**EXERCISE INPUTS:**
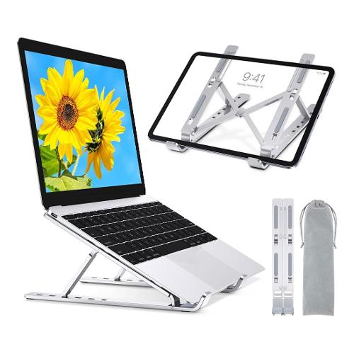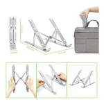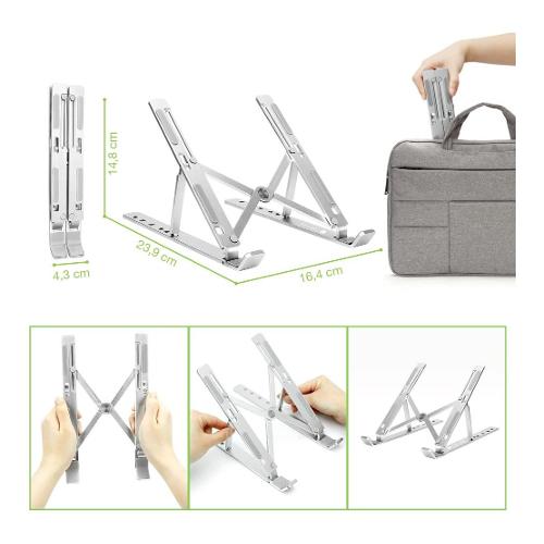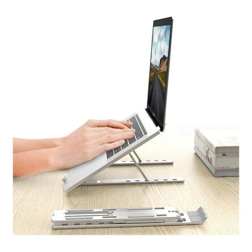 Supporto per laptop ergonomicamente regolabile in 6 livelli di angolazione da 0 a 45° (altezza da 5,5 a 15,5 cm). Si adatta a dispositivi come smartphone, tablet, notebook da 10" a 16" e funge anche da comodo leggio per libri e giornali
--
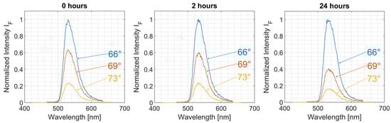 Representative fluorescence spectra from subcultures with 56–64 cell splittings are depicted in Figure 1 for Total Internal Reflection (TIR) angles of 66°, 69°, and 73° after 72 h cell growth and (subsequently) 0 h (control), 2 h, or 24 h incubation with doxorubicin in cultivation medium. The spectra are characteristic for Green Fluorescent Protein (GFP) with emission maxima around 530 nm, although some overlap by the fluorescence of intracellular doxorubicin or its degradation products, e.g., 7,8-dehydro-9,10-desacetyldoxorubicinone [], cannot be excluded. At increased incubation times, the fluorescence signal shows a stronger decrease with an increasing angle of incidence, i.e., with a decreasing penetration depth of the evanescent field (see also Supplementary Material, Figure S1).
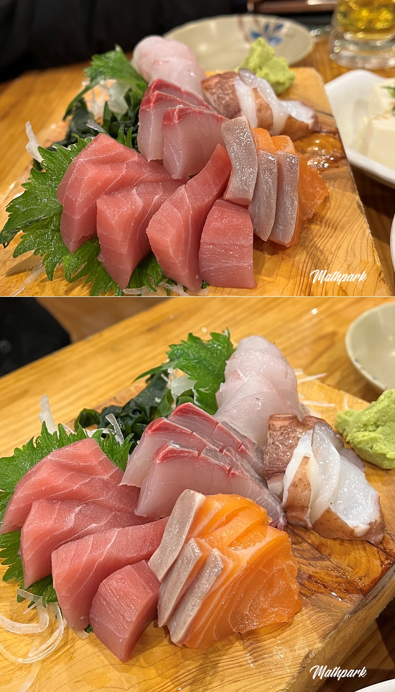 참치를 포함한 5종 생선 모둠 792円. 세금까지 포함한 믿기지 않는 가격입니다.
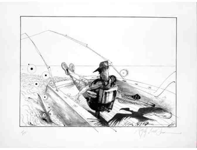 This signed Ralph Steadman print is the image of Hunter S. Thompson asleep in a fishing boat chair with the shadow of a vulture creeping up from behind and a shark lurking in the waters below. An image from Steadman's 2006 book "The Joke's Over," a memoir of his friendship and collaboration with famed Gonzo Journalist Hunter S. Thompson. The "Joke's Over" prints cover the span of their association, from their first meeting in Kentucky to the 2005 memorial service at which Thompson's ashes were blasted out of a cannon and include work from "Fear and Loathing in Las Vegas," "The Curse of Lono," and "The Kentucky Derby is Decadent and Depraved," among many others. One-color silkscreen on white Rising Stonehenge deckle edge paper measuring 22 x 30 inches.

**WORK REQUIRED:** Both boundary lines included, write out word for word only the lines above from the one containing "참치를 포함한 5종 생선" to the one containing "This signed Ralph", leaving out any pictures.

**SOLUTION BELOW:**
 참치를 포함한 5종 생선 모둠 792円. 세금까지 포함한 믿기지 않는 가격입니다.
 This signed Ralph Steadman print is the image of Hunter S. Thompson asleep in a fishing boat chair with the shadow of a vulture creeping up from behind and a shark lurking in the waters below. An image from Steadman's 2006 book "The Joke's Over," a memoir of his friendship and collaboration with famed Gonzo Journalist Hunter S. Thompson. The "Joke's Over" prints cover the span of their association, from their first meeting in Kentucky to the 2005 memorial service at which Thompson's ashes were blasted out of a cannon and include work from "Fear and Loathing in Las Vegas," "The Curse of Lono," and "The Kentucky Derby is Decadent and Depraved," among many others. One-color silkscreen on white Rising Stonehenge deckle edge paper measuring 22 x 30 inches.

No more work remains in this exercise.